For those who came in late, this week out of the blue, Apple announced it was developing its own graphics unit for iPhone and iPad to improve their computer graphics quality.

Doing this shafted Imagination which had been its long term business partner for years. It gave Imagination two years notice before saying so long and thanks for the all the fish.

Imagination is going through the various stages of rejection including self-denial. It is releasing statements claiming that Apple cannot do without it and it will still need its IP to continue its own graphics chip development.

But this does not answer the main problem – Imagination had allowed itself to become too dependent on a single customer which has a history of ending its business relationships, or strong arming price cuts from its partners.

Qualcomm had also received this treatment from Apple. Jobs’ Mob was unhappy with the fact that it would not drop its modem prices so it defected to Intel. Intel’s modems were not as good, but it was prepared to offer a price that Apple was happy with. Qualcomm still have not budged, but then the company was not as dependent on Apple as Imagination was.

A similar game was played with Samsung over its OLED tech. Samsung is the maker of the technology but Apple started flirting with China’s BOE Tech instead.

Today it appears that Samsung gave into whatever Apple wanted and received an order for 70 million OLED screens as its reward.

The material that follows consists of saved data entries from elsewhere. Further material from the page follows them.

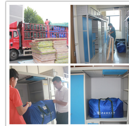
网络预订新生宿舍床上用品

面对大批新生集中入校报到，如何忙而不乱，细致有序地做好迎新服务准备工作，为学校分担迎新任务，为新生和家长提供贴心温暖的物业服务成为首要工作。为此，昌欣物业上下高度重视，在学校暑期到来之前召开迎新动员会，提前制定各项工作计划，完善应急预案；8月30日迎新到来前再次召开专题会议，全方位组织各项工作，全身心服务全体新生，吹响迎新集结号，进
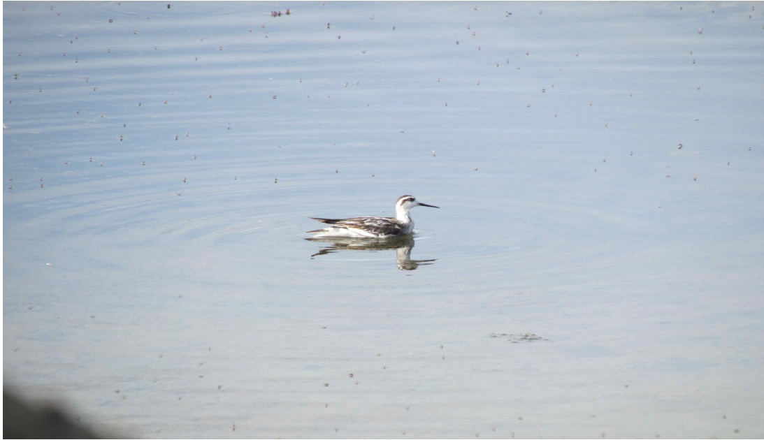
Fot. 18. Płatkonóg szyłodzioby – laguny Cabo da Praia
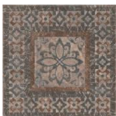
STG/A259/4212 Бромли 19,6x19,6 Bromley
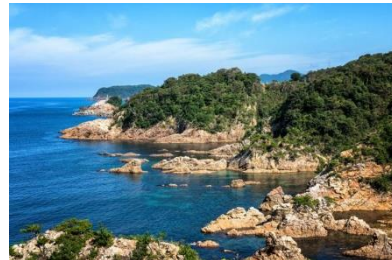
浦富海岸
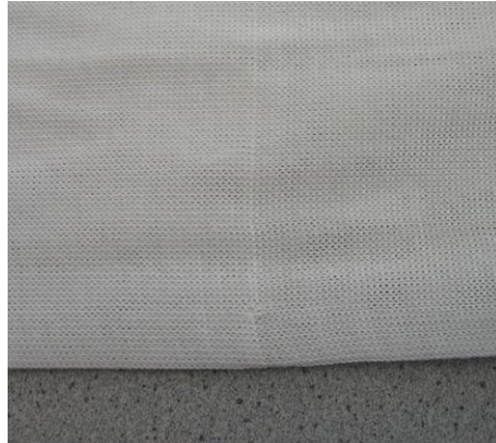
Sample with markings Muster mit Markierung
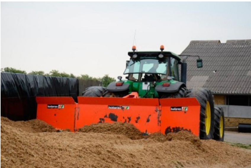
Billede 2. Billedet viser indlægning af majs i tynde lag med dozerblad, hvilket der er god erfaring med.

Fyld ikke siloerne mere end at afgrødemassen kan køres godt sammen helt ud til kanten, og at siderne ikke bliver for stejle. Så er det en bedre løsning, at lægge en del af majs i markstak.
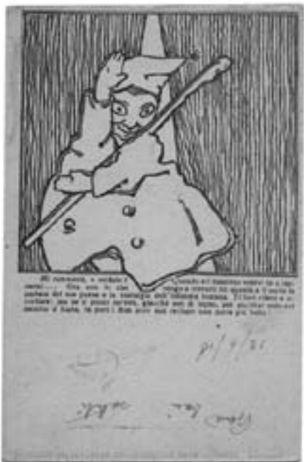
Lotto n. 3619
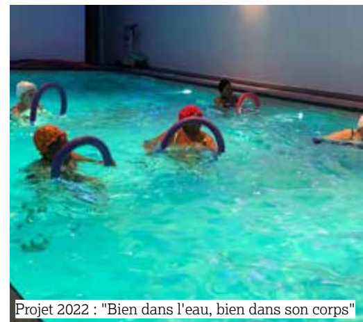
Projet 2022 : "Bien dans l'eau, bien dans son corps"

Vous avez jusqu'au 31 janvier pour envoyer votre proposition de projet via le formulaire (reçu par courrier) au service social du Logement Bruxellois.
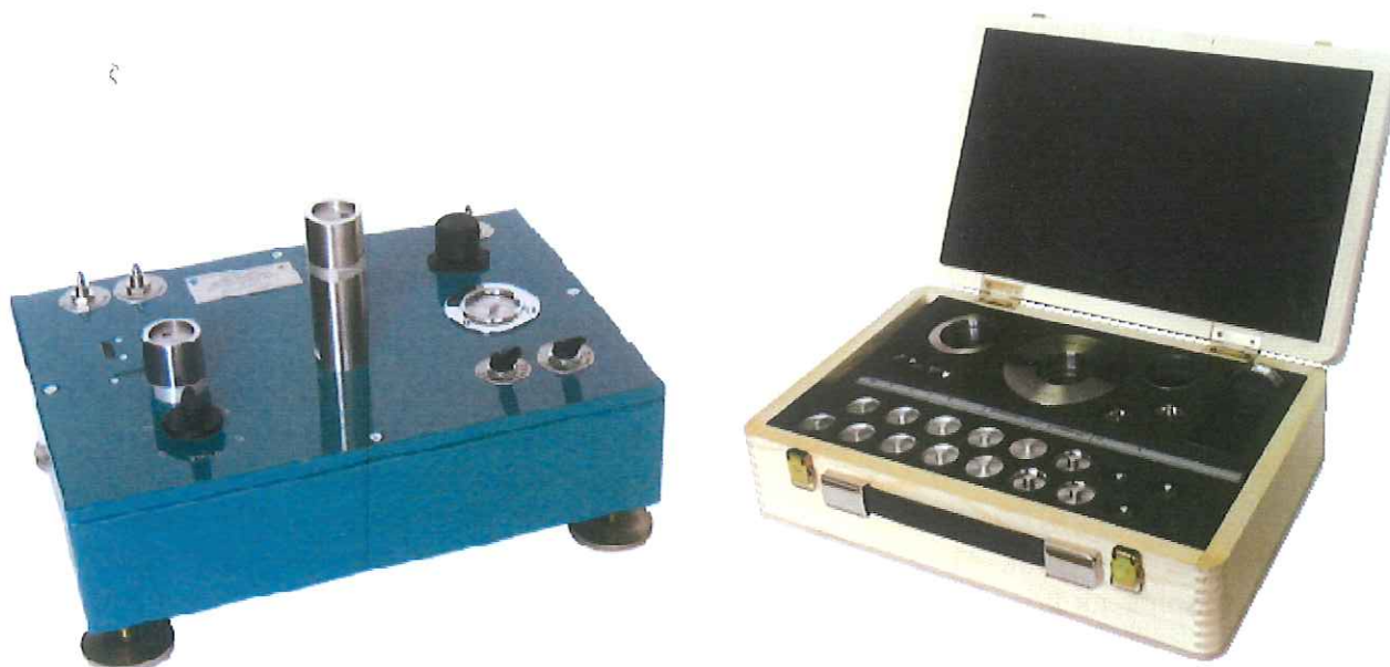
Рисунок 1 – Общий вид калибраторов

Общий вид калибраторов приведен на рисунке 1.
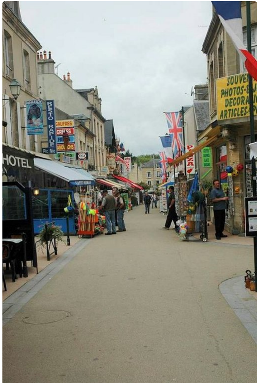
Matkamuistomyymälöitä on vierä vieressä.
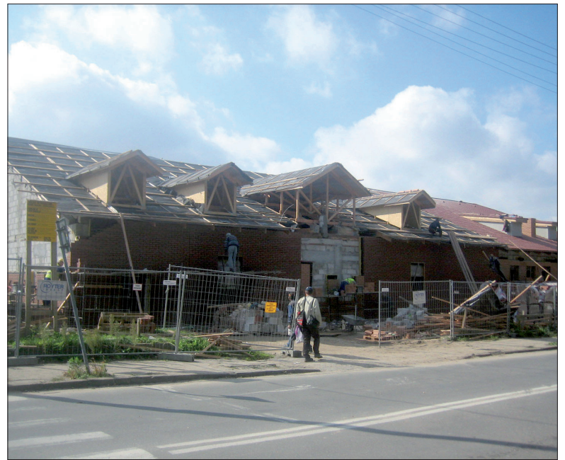
Market Netto w budowie
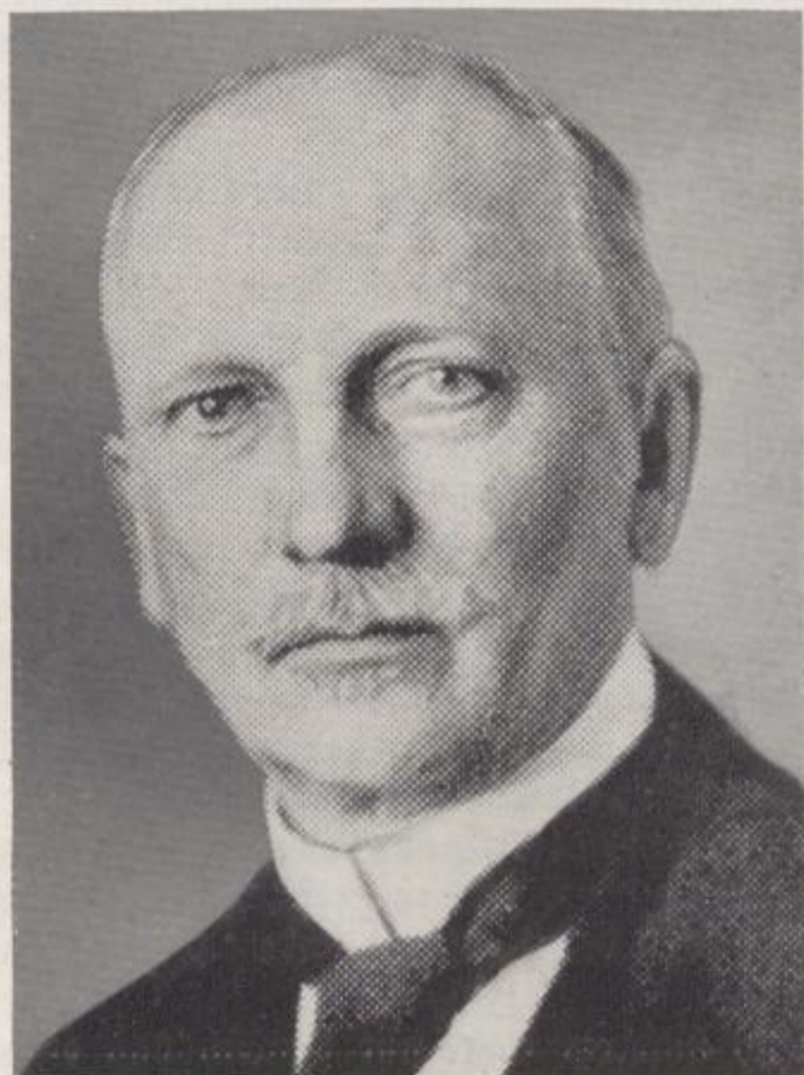
Oberkirchenrat Zenker 1916—1931
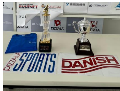
ステッカー (PIZZA-LASPORTS/DANISH) トロフィー
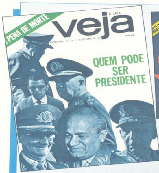
FIGURA 1 - CAPA DA REVISTA VEJA, MOSTRANDO OS CANDIDATOS À PRESIDÊNCIA EM 1986

If Apple could force a big outfit like Samsung to bend, then Imagination had no chance at all. What the company should have done is seen the writing on the wall a long time ago and tried to get rid of its Apple dependence.

That was particularly last year when it became obvious that Apple’s iPhone numbers were falling. Apple’s business plan is fairly clear. Iphone sales are falling and will probably not return.

To keep milking its cash cow, it has to reduce costs by using cheaper components or forcing its existing suppliers to give them a bigger discount.

This means that when the slower sales results are shown to the world, Apple will still be claiming “record profits” and higher margins.

All this will be at the expense of companies, like Imagination, who should be doing a lot better.

Part of the problem is that the press has tended to see companies who were working with Apple as “doing well” rather than being forced to drink from a poison chalice of discounts and dependence on a single customer.

In fact, some analysts believed there could be room for compromise with Imagination as this could be a bargaining move by Apple to reduce royalties.

However, Imagination would be far better ignoring Apple completely and suing it into a coma if it uses anything like its technology. There are other places Imagination could sell its products, and really should use this current wave of Apple manipulation to give the outfit the cold shoulder. If Apple thinks it can develop GPUs then let it learn the hard way that it cannot.

It is worth pointing out that the only company which has done well out of this sort of relationship with Apple has been Foxconn.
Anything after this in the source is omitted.